I have the following inverse laplace transformation:
$L^{-1} =\frac{s}{(s-3)(s-4)(s-12)}$
After looking at the laplace transformations the closest I've found is:
$\frac{ae^{at}-be^{bt}}{a-b} = \frac{s}{(s-a)(s-b)}$
I've been working out a solution for having three variables, but I cant seem to get the correct solution.
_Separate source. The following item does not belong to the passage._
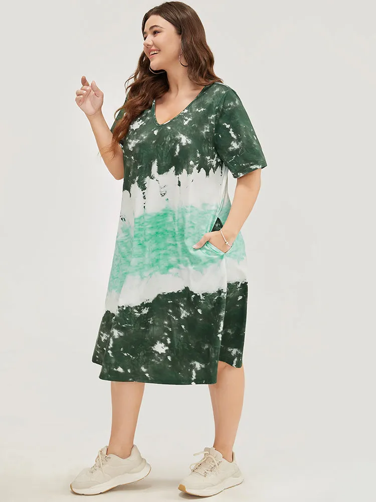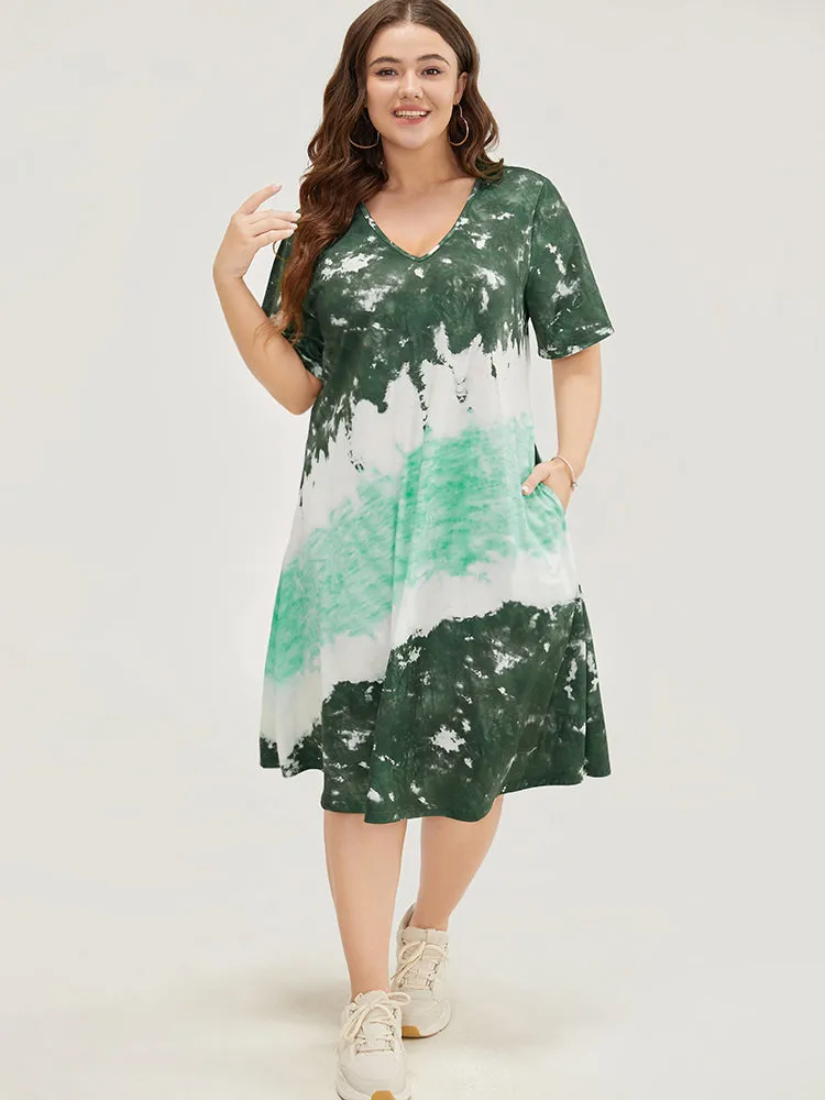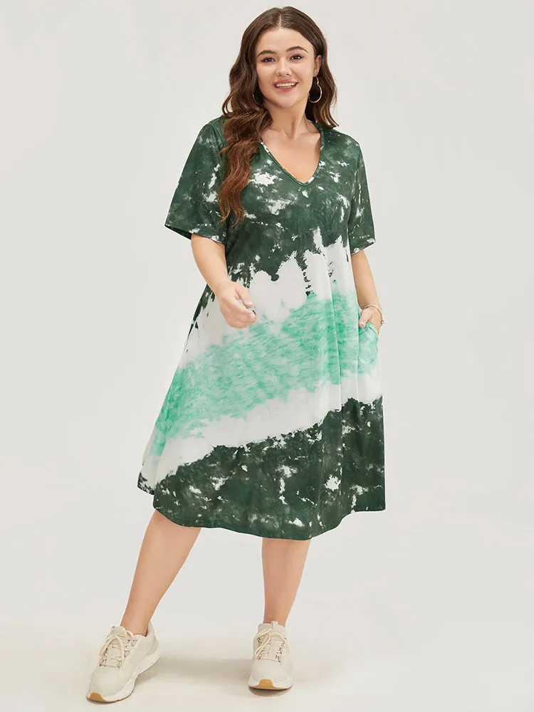 Tie Dye V Neck Pocket Midi Dress
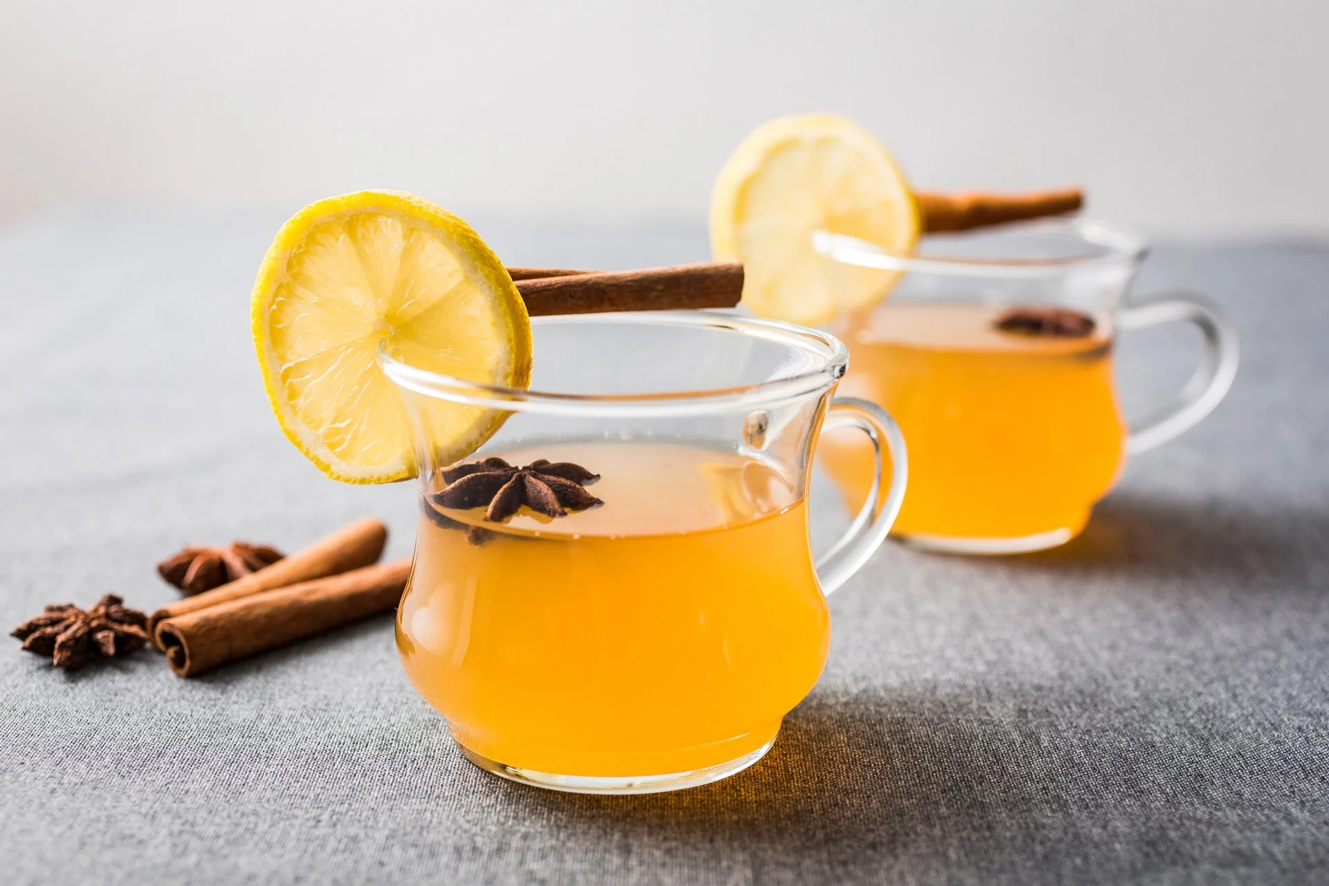 Cinnamon stick, allspice cloves, and apple slices for garnish

Is there an identity for this type of transformation?
On
Using partial-fraction expansion, we have
$$ \frac{s}{(s-3)(s-4)(s-12)} = \frac{A}{(s-3)} + \frac{B}{(s-4)} + \frac{C}{(s-12)} $$
where $A, B$ and $C$ are obtained as follows: $$ \begin{align} A &= \frac{s}{(s-4)(s-12)} \Big|_{s=3} = \frac{1}{3}, \\ B &= \frac{s}{(s-3)(s-12)} \Big|_{s=4} = -\frac{1}{2}, \\ C &= \frac{s}{(s-3)(s-4)} \Big|_{s=12} = \frac{1}{6}. \\ \end{align} $$ As a result, we get $$ \frac{s}{(s-3)(s-4)(s-12)} = \frac{1}{3(s-3)} - \frac{1}{2(s-4)} + \frac{1}{6(s-12)} $$
Now, it is straightforward to use the Laplace inverse table, specifically, $\mathscr{L}^{-1} \left[ \frac{1}{s+a} \right] = e^{-at}u(t)$, so we get
$$ \begin{align} \mathscr{L}^{-1}\left[ \frac{s}{(s-3)(s-4)(s-12)} \right] &= \mathscr{L}^{-1}\left[ \frac{1}{3(s-3)} \right] - \mathscr{L}^{-1}\left[ \frac{1}{2(s-4)} \right] + \mathscr{L}^{1}\left[ \frac{1}{6(s-12)} \right] \\ &= \frac{1}{3} \mathscr{L}^{1}\left[ \frac{1}{(s-3)} \right] - \frac{1}{2}\mathscr{L}^{1}\left[ \frac{1}{(s-4)} \right] + \frac{1}{6}\mathscr{L}^{1}\left[ \frac{1}{(s-12)} \right] \\ &= \frac{1}{3} e^{3t} - \frac{1}{2} e^{4t} + \frac{1}{6} e^{12t} \end{align} $$
$$\dfrac{s}{(s-3)(s-4)(s-12)} = -\dfrac{1}{2 (s-4)}+\dfrac{1}{3 (s-3)}+\dfrac{1}{6 (s-12)}$$
$$L^{-1} \bigg (\dfrac{s}{(s-3)(s-4)(s-12)}\bigg) =(-1/2) e^{4t} +(1/3) e^{3t} + (1/6) e^{12t}$$